Como se pode depreender deste levantamento, aqui visto de forma superficial, não há razão para as lamúrias feitas em torno da exoneração da administração (mal) capitaneada por Pedro Cabral. Ela foi determinada por razões ponderosas assentes numa gestão ruinosa de que a RNA estava a ser objecto, e que ameaçava descambar a todo instante num descontentamento generalizado dos trabalhadores em geral.

Muito menos fazem sentido as alusões frequentes a Manuel Rabelais, algo que só poder ser visto como uma cortina de fumo destinada a disfarçar o ror de irregularidades acima aludido. Manuel Rabelais, que já não é director da RNA desde Janeiro de 2005, não está investido de competência alguma para exonerar ou nomear os conselhos de administração dos órgãos de informação públicos.

Olhando ainda para o caso na perspectiva do “dia seguinte”, faz igualmente pouco sentido o escarcéu desencadeado pela administração cessante.
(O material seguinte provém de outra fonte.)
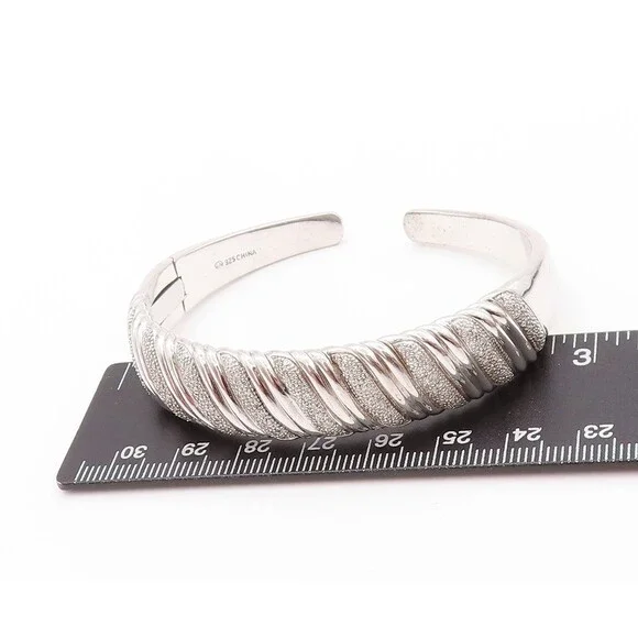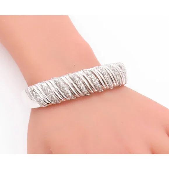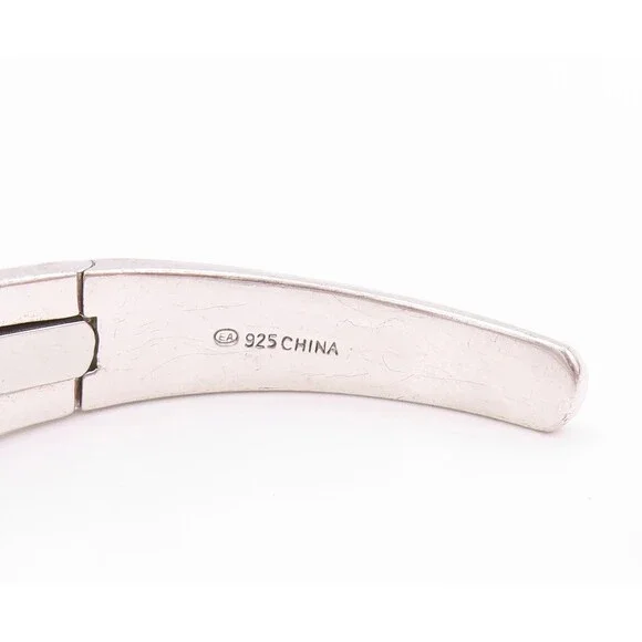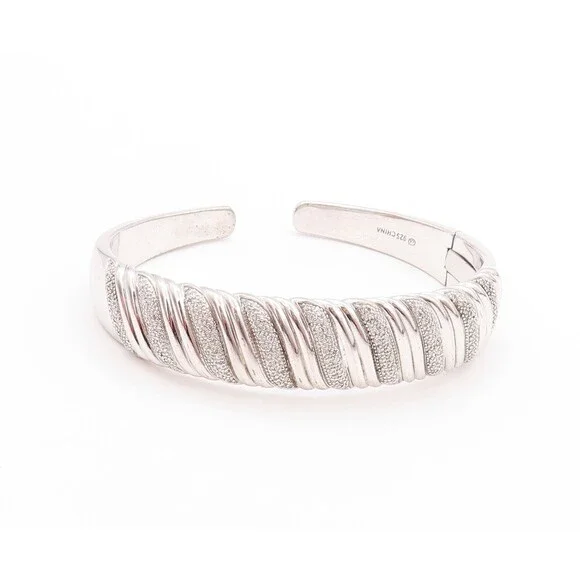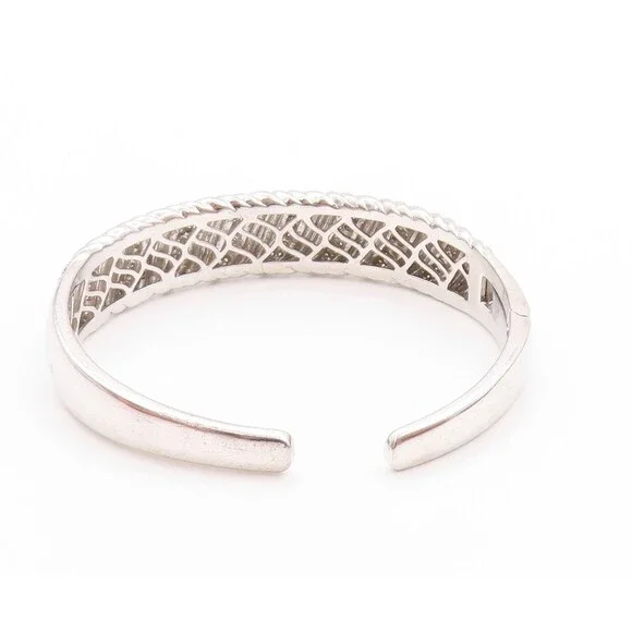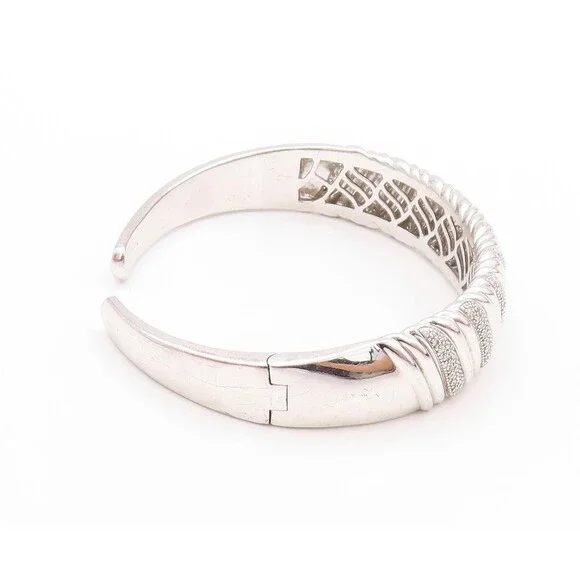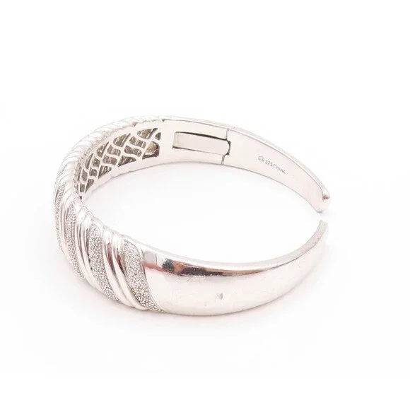 925 Sterling Silver Vintage Bracelet Swirls Etched Diamonds Inlay Cuff BT11197

O mundo não acabou com a entrada em funções de um novo elenco administrativo na Rádio. A vida continua. E por isso mesmo é que Pedro Cabral e equipa foram nomeados pelo actual Conselho de Administração como assessores e assistentes de direcção.

Estes senhores esqueceram-se que eles próprios, quando em funções, não tiveram sensibilidade para pensar no “day after” das pessoas. Por exemplo, não foi o Conselho de Administração cessante que entendeu, sabe-se lá por que carga de água, anular o “protocolo de Lobito”? Um instrumento que dava direito aos directores cessantes, que tivessem permanecido mais de três anos em funções, de manter os salários e regalias que tinham. E esta?!

Recordemos, para concluir esta estória tragicómica, que o relatório e contas da RNA para o exercício de 2011, elaborado pelo Conselho de  Administração cessante, foi chumbado pelo Ministério da Economia. Só por aí, é caso para esperar que os seus “zelosos” membros venham provavelmente a ser chamados à pedra, tendo de justificar os danos causados à nossa mui querida Radiodifusão Nacional de Angola.